Good morning to each of you! May your day be filled with goodness and peace inside. Today’s search term I chose is “effects of sobriety,” because it is my 12 year birthday today. Twelve years ago today began my amazingly joyful and sometimes excruciatingly painful journey into sobriety.

And regardless of what I was experiencing, I didn’t drink – no matter what. You can do that, too. Do you want a new life, better than any you’ve ever experienced? Then stick with it – no matter what.

You will find the journey more than worthwhile. You will find it very powerful, very healing, very awesome. The journey is all of these things and more.  Some days, it is negative and extremely painful as you look at past experiences. Know that the experience and pain are being brought forth for your healing. Stick with it. Don’t drink – no matter what. It WILL get better!

So, let’s look at some of the effects of sobriety. I have spoken about these before from a different viewpoint…. today I present the end effect one might experience from sobriety.

1. You will begin to feel more self-respect when you don’t wake up all hung over, drooling puking, barely able to function as a human being. Imagine… waking up refreshed, able to get out of bed and function right away. Well, maybe after coffee. lol Seriously, waking up without a hangover did a work of good for my self-respect.

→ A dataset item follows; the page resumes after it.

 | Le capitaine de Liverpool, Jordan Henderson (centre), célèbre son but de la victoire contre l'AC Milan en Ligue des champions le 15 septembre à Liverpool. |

2. As you move through sobriety, you will begin to feel release from old wounds, old haunts, as you heal from the inside out. In addition to help from an alcohol support group, I needed private therapy help. I recommend this if you need it, as it will speed your recovery from old wounds much more quickly.

3. Your self-esteem and self-love will grow as you continue on this journey called sobriety. You will feel good about yourself for staying sober, and your esteem will grow as a result. The healing work you do will help you learn to love yourself; you will forgive yourself, and your self-love will grow even further.

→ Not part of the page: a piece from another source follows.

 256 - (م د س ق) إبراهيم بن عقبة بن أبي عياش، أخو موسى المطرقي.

4. You will feel true caring about the people around you. With your new-found sobriety, you will really care at a deep level for those who enter or are in your daily life. Yu will see others with compassion, see them as fallible human beings, and you will be able to forgive them their transgressions.

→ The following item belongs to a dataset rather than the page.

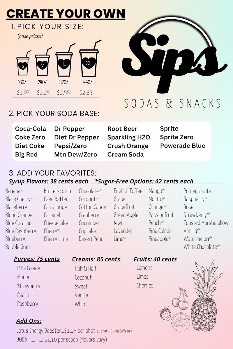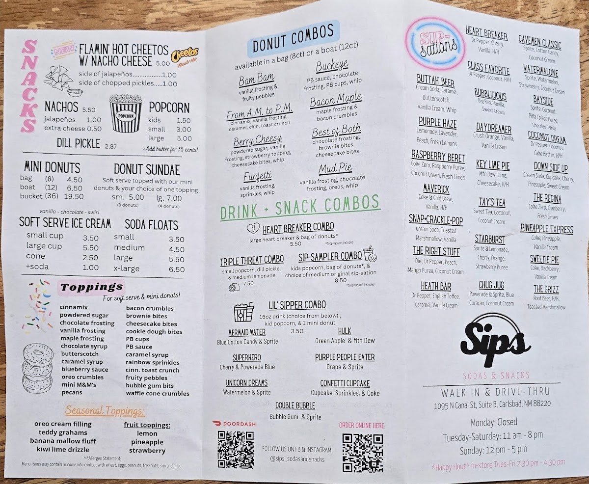 You’ll find the Sips Sodas & Snacks Menu packed with the kind of treats that make a quick stop feel like a little reward. Just off 1095 N Canal St in Carlsbad, it’s the sort of place where you can ease into the moment with an ice-cold specialty soda or a creamy shake that’s mixed to hit the spot. As you look through the lineup, you’ll notice plenty of fun flavor combos, along with snacks that balance sweetness and crunch in all the right ways.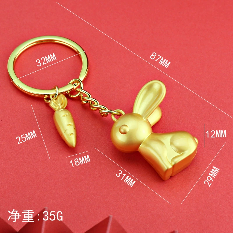 2024 zodiac radish little golden rabbit mascot rich three -dimensional bunny metal key buckle small gift pendant

5. The blaming and self-pity you feel will diminish as you become more accountable for yourself and your feelings.

6. You will be able to see the world with new eyes… Gratitude for all your experiences, whether positive or negative, will fill you up and it will spill out to others.

7. And finally, you will wish to be of service to others rather than stay stuck in yourself and your woes, rather than blame others and feel self-pity.  Because of that, you will feel freedom in your soul. It will soar, as will you!

The possibilities are endless if you maintain your sobriety! My hope for each of you reading this is that you do, indeed, try sobriety, and succeed at it. Speaking from experience, 12 years of it, I can honestly say that the  journey is so well worth it. At last, I found happiness and peace. May you do the same.